Tutti sconfinano nel rispondere alla domanda su quanto sarà mortale e pericoloso questo virus infettivo quanto durerà, pochi invece, cercano risposte sulle risvolte sociali e umane che potrebbe creare. Ma soprattutto dovremmo chiederci cosa sappiamo di certo, in una vicenda che, non dà nessuna certezza ed ancora dall’epilogo da scrivere.
Partiamo dai fatti: virus infettivo, esploso in Cina, contagioso, classificato come ceppo sconosciuto, mortalità maggiori tra le fasce più adulte, paesi coinvolti tutti, stati presi di mira Italia e Cina.
La situazione si evolve di ora in ora, e dopo aver chiuso le scuole per una settimana al nord Italia, giorno 4 marzo è stato varato un decreto dove ogni scuola del territorio nazionale rimane chiusa sino al rientro di giorno 16.
Stiamo vivendo una realtà sanitaria e sociale per la nostra generazione mai vissuta. Scuole chiuse, servizi sanitari messi alle strette, turismo bloccato, eventi di ogni genere posticipati. L’economia subisce netti risvolti, le abitudini prendono un’altra piega. Cambia il passo. L’accelleratore si ferma. Anche gli eventi ecclesiastici modificano il loro quotidiano proseguire. La giustizia fermi i suoi tribunali sino a giugno. La gente è costretta a riflettere su come riorganizzarsi. Le movenze quotidiane vanno rivedute: distanza dalle persone, niente baci o strette di mano.
I territori si scontrano, nord e sud, gente che rientra, paesani che malvolentieri accolgono i residenti nei propri luoghi natii. Inutili razzismi per un’arma letale disposta ad arrivare ovunque.

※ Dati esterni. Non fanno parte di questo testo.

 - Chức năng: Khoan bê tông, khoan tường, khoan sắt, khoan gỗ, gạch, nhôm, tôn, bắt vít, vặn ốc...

Ai danni vanno aggiunte le beffe. L’Italia che dà sempre è stata Nazione che accoglie, si ritrova derisa e ghettizzata nel mondo.

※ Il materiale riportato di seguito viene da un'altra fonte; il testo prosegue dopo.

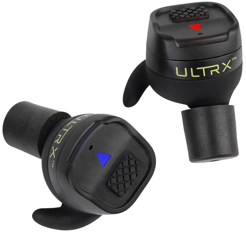 Electronic hearing protection earbuds with 26 dB NRR and Bluetooth connectivity for situational awareness. Features .001ms sound response time, sound wave compression technology, and three environmental modes to adapt to different shooting conditions. Includes rechargeable charging case and voice synthesis acoustics.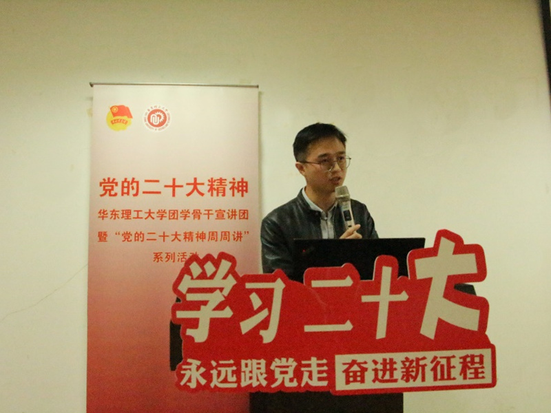 11月22日下午,由校团委主办,机动学院团委承办的党的二十大团学骨干宣讲团“党的二十大精神周周讲”系列首场宣讲活动在奉贤校区大活215举行。2019年度“中国大学生自强之星”、2020上海大学生年度人物获得者、beat365官方网站博士后刘懿谦做了主题为“服务海洋强国战略 把论文写在蓝色国土上”的宣讲。

Lo status attuale apre dei quesiti tanti inquieti quanto indispensabili.
Quali verità conosciamo sulla “partorienza” del virus, quali misure sanitarie vaccinali saranno necessarie, chi economicamente può trarne beneficio, quali Stati verranno maggiormente danneggiati ed in quali misura, quali le conseguenze nei prossimi mesi?
Qualunque sia la risposta l’umanità sta vivendo un dramma unitario.

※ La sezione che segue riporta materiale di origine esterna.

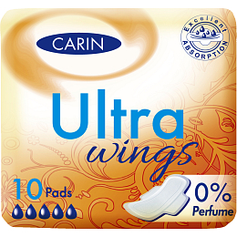 Wkładki Carin Ultra Wings są cienkimi indywidualnie pakowanymi perfumowanymi wkładkami z skrzydełkami o ulubionym zapachu aloesu. Mają świeżą i bezpieczną bawełnianą powierzchnię.

Guerra batteriologica, interessi planetari, percentuali di vita e morte estratti come calcoli, necessità sperimentale, virus partito per banale errore dalla più grande Nazione del mondo?
Rimane la realtà quotidiana di un vivere che si trasforma in mezzo alla paura del domani, dell’incertezza, della fiducia tra le persone, tra i popoli.
Tutti i mali, benchè sorti come principio di sopruso hanno conseguito alla necessità del bene individuale. L’essere mortali ci aggancia tutti sullo stesso lato della bilancia, senza alcuna distinzione, unica giustiziere dell’umanità.
Così in un momento di enorme tragedia umanitaria, rimane il caso di rivedere il dramma.
Il virus si è diramato come ragnatela su questo pianeta. Dobbiamo ricondurre all’essenza della nostra coscienza umana. Di fronte alla vita potremmo anche dimenticarci di essere fratelli, ma di fronte alla morte univoca, incontrastata, che tocca chiunque ed in qualunque istante come “a livedda” che ci rende tutti uguali, ebbene di fronte a tutto questo ricordiamoci che maggiore è il rispetto nei confronti dell’esistenza più opportunità abbiamo di vivere una realtà più serena.
Cosi Charlie Chaplin chiude il suo film. Un modernismo che nel 1936 appariva con tutta la sua totale arroganza prosegue ad un modernismo che nel 2020 ha omologato chiunque, ecco che il coronavirus ci riporta agli albori, all’essenza dell’umanità. Nel film lui e lei nella loro solitudine continuano il loro cammino. Adesso proviamo anche noi nella nostra solitudine, spoglia dagli inganni del benessere omologato, a ritrovare le risposte per ripartire nel cammino. Isoliamo le nostre abitudini per rispetto del contagio ma non isoliamo le nostre coscienze.
E magari iniziamo a riflettere su come questi tempi moderni ci hanno da sempre ingannato come una giostra sopra un palco di marionette.